REQUIRED WORK: What is needed here is an exact repetition of the records below, beginning at the line that has "比如我从极客时间的首页里面打" and stopping after the line that has "6 Piece Garden".

RECORD EXCERPTS:
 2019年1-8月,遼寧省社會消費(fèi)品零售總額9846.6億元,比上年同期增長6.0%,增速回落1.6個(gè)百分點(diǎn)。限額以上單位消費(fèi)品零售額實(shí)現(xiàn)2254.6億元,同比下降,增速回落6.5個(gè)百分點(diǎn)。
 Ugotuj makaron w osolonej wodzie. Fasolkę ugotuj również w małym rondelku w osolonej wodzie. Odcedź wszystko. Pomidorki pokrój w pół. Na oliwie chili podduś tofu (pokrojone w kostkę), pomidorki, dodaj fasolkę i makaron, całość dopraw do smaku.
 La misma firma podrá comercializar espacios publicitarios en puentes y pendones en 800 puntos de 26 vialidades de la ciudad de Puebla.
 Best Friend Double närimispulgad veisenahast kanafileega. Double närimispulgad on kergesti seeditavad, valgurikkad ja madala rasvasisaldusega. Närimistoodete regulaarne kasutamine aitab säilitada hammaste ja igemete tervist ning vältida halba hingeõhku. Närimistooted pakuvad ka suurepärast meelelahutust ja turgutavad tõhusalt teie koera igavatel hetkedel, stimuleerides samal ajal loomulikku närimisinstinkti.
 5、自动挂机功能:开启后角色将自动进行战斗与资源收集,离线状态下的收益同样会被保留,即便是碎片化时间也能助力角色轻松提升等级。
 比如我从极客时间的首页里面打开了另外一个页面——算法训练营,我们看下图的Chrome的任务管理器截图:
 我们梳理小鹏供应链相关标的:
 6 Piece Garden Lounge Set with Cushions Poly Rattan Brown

* * *

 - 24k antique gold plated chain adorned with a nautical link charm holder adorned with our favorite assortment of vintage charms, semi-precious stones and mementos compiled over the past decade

TASK SOLUTION:
 比如我从极客时间的首页里面打开了另外一个页面——算法训练营,我们看下图的Chrome的任务管理器截图:
 我们梳理小鹏供应链相关标的:
 6 Piece Garden Lounge Set with Cushions Poly Rattan Brown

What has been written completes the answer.